EXERCISE DESCRIPTION>
Write out each record below exactly, but not the pictures.

RAW DATA>
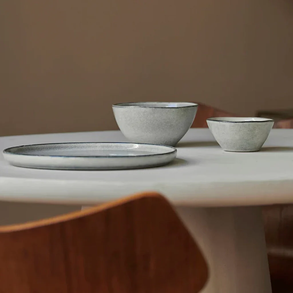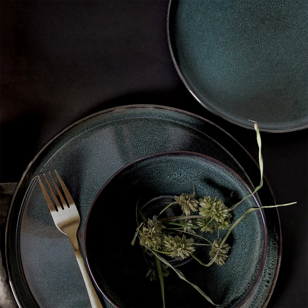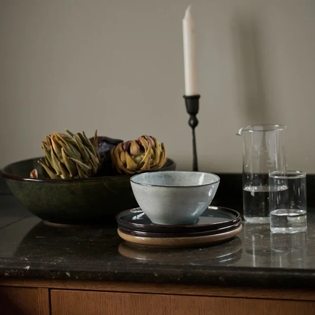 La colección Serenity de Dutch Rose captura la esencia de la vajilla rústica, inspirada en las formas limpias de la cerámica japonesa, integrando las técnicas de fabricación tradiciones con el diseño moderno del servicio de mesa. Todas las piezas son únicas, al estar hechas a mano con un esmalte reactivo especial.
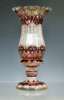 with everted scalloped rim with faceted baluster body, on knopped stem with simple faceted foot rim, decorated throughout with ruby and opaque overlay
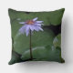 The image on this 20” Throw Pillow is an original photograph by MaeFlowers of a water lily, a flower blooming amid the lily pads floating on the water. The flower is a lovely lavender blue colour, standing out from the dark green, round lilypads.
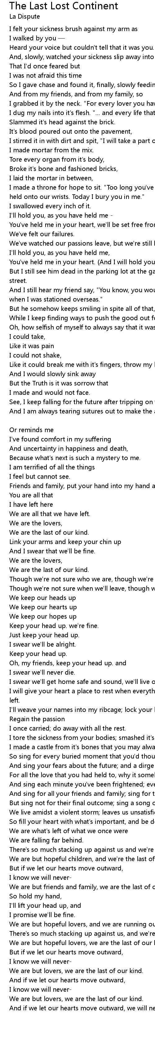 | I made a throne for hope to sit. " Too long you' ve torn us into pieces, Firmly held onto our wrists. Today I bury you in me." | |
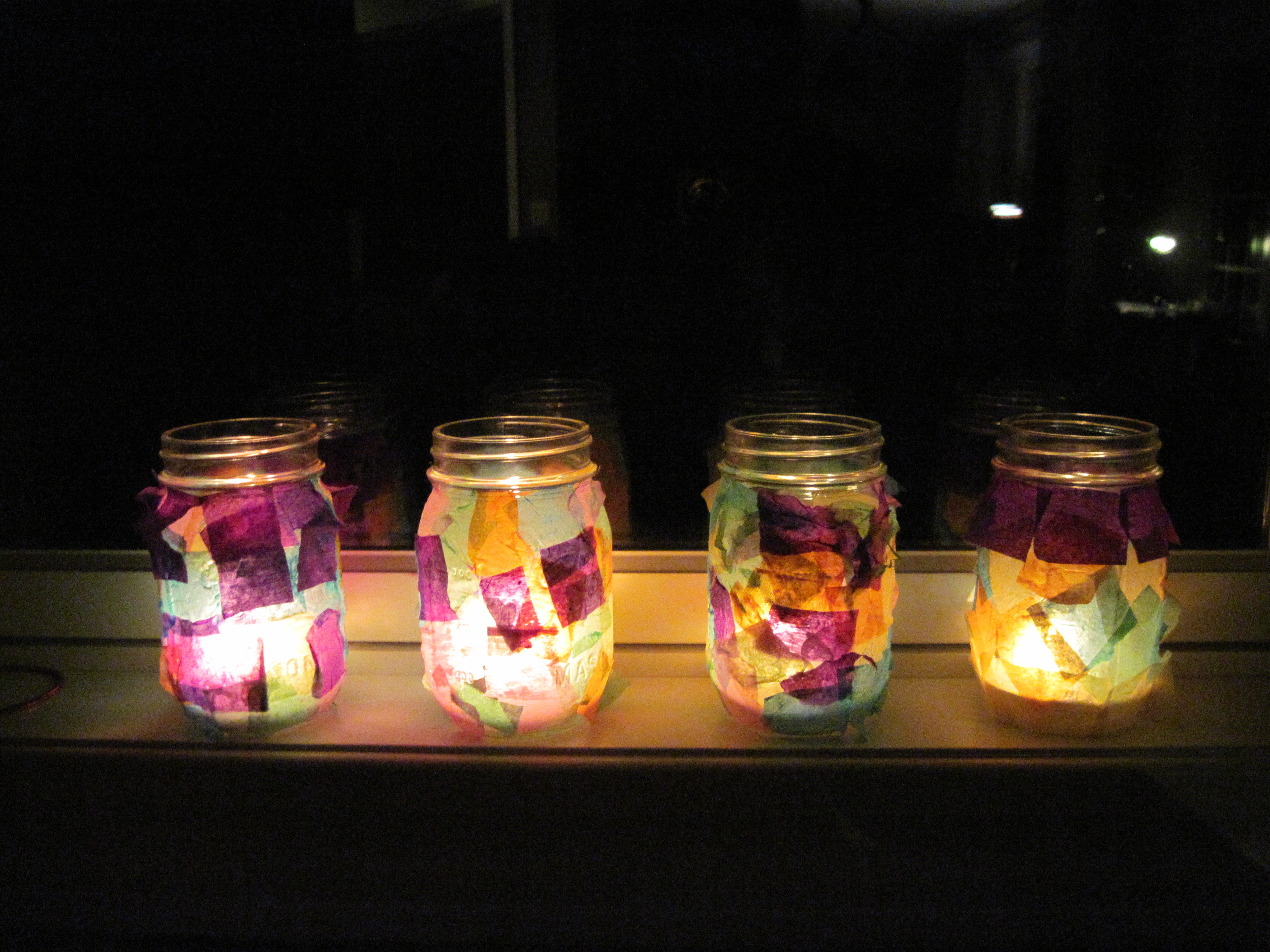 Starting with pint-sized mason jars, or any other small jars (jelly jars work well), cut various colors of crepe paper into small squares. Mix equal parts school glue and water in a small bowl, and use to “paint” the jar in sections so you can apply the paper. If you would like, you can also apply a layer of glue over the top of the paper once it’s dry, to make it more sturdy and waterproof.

SOLUTION TO THE EXERCISE>
 La colección Serenity de Dutch Rose captura la esencia de la vajilla rústica, inspirada en las formas limpias de la cerámica japonesa, integrando las técnicas de fabricación tradiciones con el diseño moderno del servicio de mesa. Todas las piezas son únicas, al estar hechas a mano con un esmalte reactivo especial.
 with everted scalloped rim with faceted baluster body, on knopped stem with simple faceted foot rim, decorated throughout with ruby and opaque overlay
 The image on this 20” Throw Pillow is an original photograph by MaeFlowers of a water lily, a flower blooming amid the lily pads floating on the water. The flower is a lovely lavender blue colour, standing out from the dark green, round lilypads.
 | I made a throne for hope to sit. " Too long you' ve torn us into pieces, Firmly held onto our wrists. Today I bury you in me." | |
 Starting with pint-sized mason jars, or any other small jars (jelly jars work well), cut various colors of crepe paper into small squares. Mix equal parts school glue and water in a small bowl, and use to “paint” the jar in sections so you can apply the paper. If you would like, you can also apply a layer of glue over the top of the paper once it’s dry, to make it more sturdy and waterproof.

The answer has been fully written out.